現象:zookeeper集群大量臨時節點沒有釋放掉,導致集群響應很慢
分析過程:
通過工具排查,發現大量創建lock對象的節點沒有釋放,奇怪的是release的時候應該刪除的呀!只能看源碼羅。
private static final String LOCK_NAME = "lock-";
internals = new LockInternals(client, driver, path, lockName, maxLeases);
this.path = ZKPaths.makePath(path, lockName);
public static String makePath(String parent, String child)
{
StringBuilder path = new StringBuilder();
joinPath(path, parent, child);
return path.toString();
}
發現了一段代碼邏輯:InterProcessMutex加鎖的時候,是創建'..../name/lock-'這樣的節點,創建了一個父節點,父節點下面只有一個子節點,release的時候只刪除了子節點'...../lock-','..../name'並沒有刪除,坑於此。明白了坑的地方,接下來就明了了:unlock的時候,順便刪除'..../name'這個節點。
思考為什么要這么設計? 先來看一下底層實現。
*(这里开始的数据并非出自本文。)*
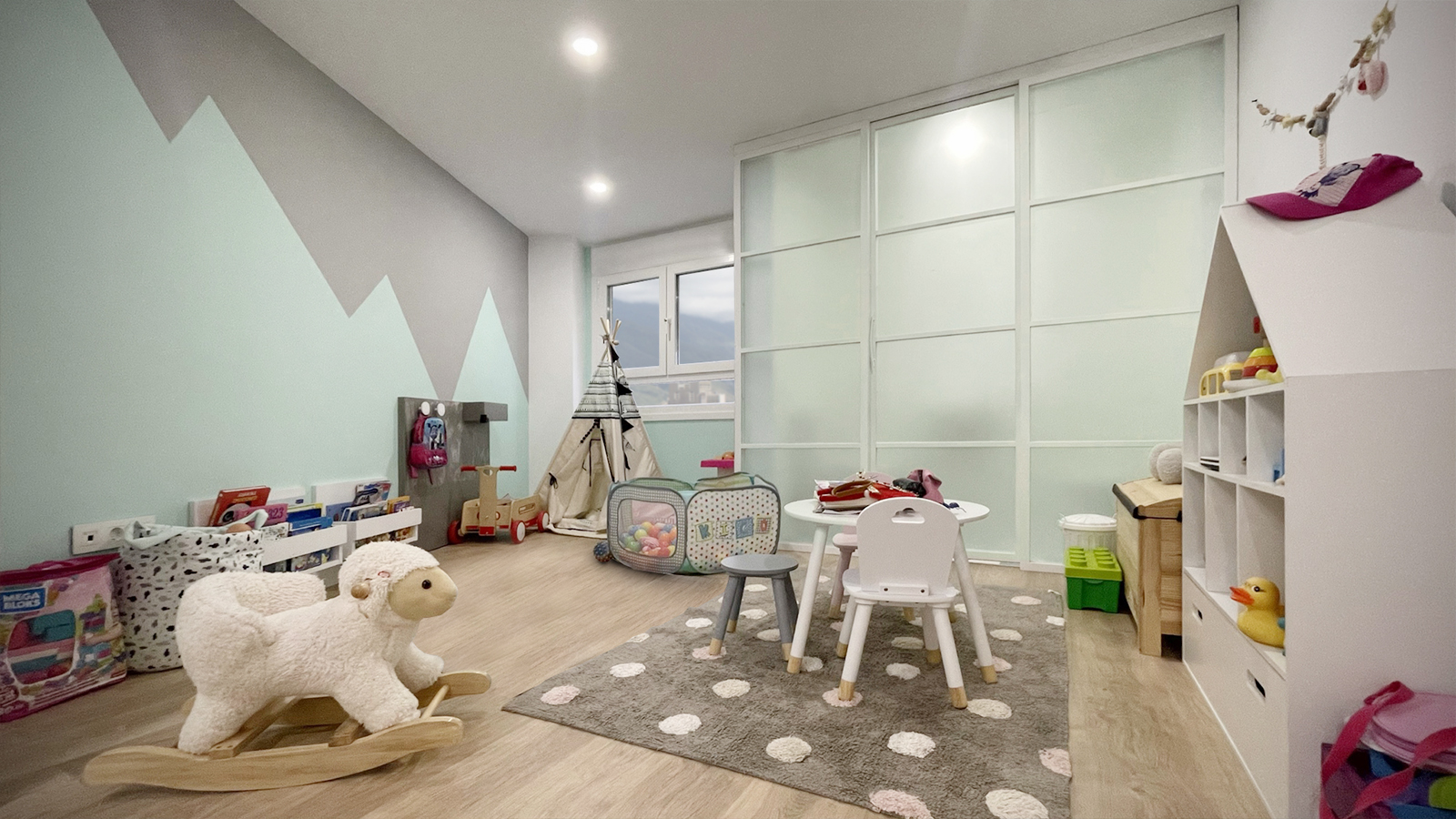 El despacho se presenta como un espacio incorporado a la zona de día, separado por unas cristaleras correderas que permiten el paso de la luz y vistas, y la posibilidad de incorporar este espacio a la zona de salón.

發現InterProcessSemaphore也是這樣設計的,但是為什么要設置子節點還是沒有搞懂,直到我看到了InterProcessReadWriteLock的是現實,里面有兩個字段
private static final String READ_LOCK_NAME = "__READ__";
private static final String WRITE_LOCK_NAME = "__WRIT__";
再看到初始化讀寫鎖的時候
public InterProcessReadWriteLock(CuratorFramework client, String basePath, byte[] lockData)
{
lockData = (lockData == null) ? null : Arrays.copyOf(lockData, lockData.length);
writeMutex = new InternalInterProcessMutex
(
client,
basePath,
WRITE_LOCK_NAME,
lockData,
1,
new SortingLockInternalsDriver()
{
@Override
public PredicateResults getsTheLock(CuratorFramework client, List<String> children, String sequenceNodeName, int maxLeases) throws Exception
{
return super.getsTheLock(client, children, sequenceNodeName, maxLeases);
}
}
);
readMutex = new InternalInterProcessMutex
(
client,
basePath,
READ_LOCK_NAME,
lockData,
Integer.MAX_VALUE,
new SortingLockInternalsDriver()
{
@Override
public PredicateResults getsTheLock(CuratorFramework client, List<String> children, String sequenceNodeName, int maxLeases) throws Exception
{
return readLockPredicate(children, sequenceNodeName);
}
}
);
}
明白了,讀寫鎖需要在一個路徑下創建兩個節點。至此一切明了。
之前懷疑作者想做緩存,沒有刪除父節點,看了一下源碼?原來時curator兼容老版本的bug,因為為了支持'CONTAINER'這種類型,如果zookeeper版本低,本來應該是臨時節點的,被存儲為了持久化節點
String fixForNamespace(String path, boolean isSequential)
{
if ( ensurePathNeeded.get() )
{
try
{
final CuratorZookeeperClient zookeeperClient = client.getZookeeperClient();
RetryLoop.callWithRetry
(
zookeeperClient,
new Callable<Object>()
{
@Override
public Object call() throws Exception
{
ZKPaths.mkdirs(zookeeperClient.getZooKeeper(), ZKPaths.makePath("/", namespace), true, client.getAclProvider(), true);
return null;
}
}
);
ensurePathNeeded.set(false);
}
catch ( Exception e )
{
client.logError("Ensure path threw exception", e);
}
}
return ZKPaths.fixForNamespace(namespace, path, isSequential);
}
//這是創建父節點的入口
ZKPaths.mkdirs(zookeeperClient.getZooKeeper(), ZKPaths.makePath("/", namespace), true, client.getAclProvider(), true);
zookeeper.create(subPath, new byte[0], acl, getCreateMode(asContainers));
// asContainers = true 獲取的CONTAINER類型的節點
return asContainers ? getContainerCreateMode() : CreateMode.PERSISTENT;
//兼容版本有段代碼比較坑
try
{
localCreateMode = CreateMode.valueOf("CONTAINER");
}
catch ( IllegalArgumentException ignore )
{
localCreateMode = NON_CONTAINER_MODE;
log.warn("The version of ZooKeeper being used doesn't support Container nodes. CreateMode.PERSISTENT will be used instead.");
}
低版本的沒有這種類型,就處理成了
private static final CreateMode NON_CONTAINER_MODE = CreateMode.PERSISTENT;
這算是curator在處理版本兼容時的bug,踩了版本兼容的坑.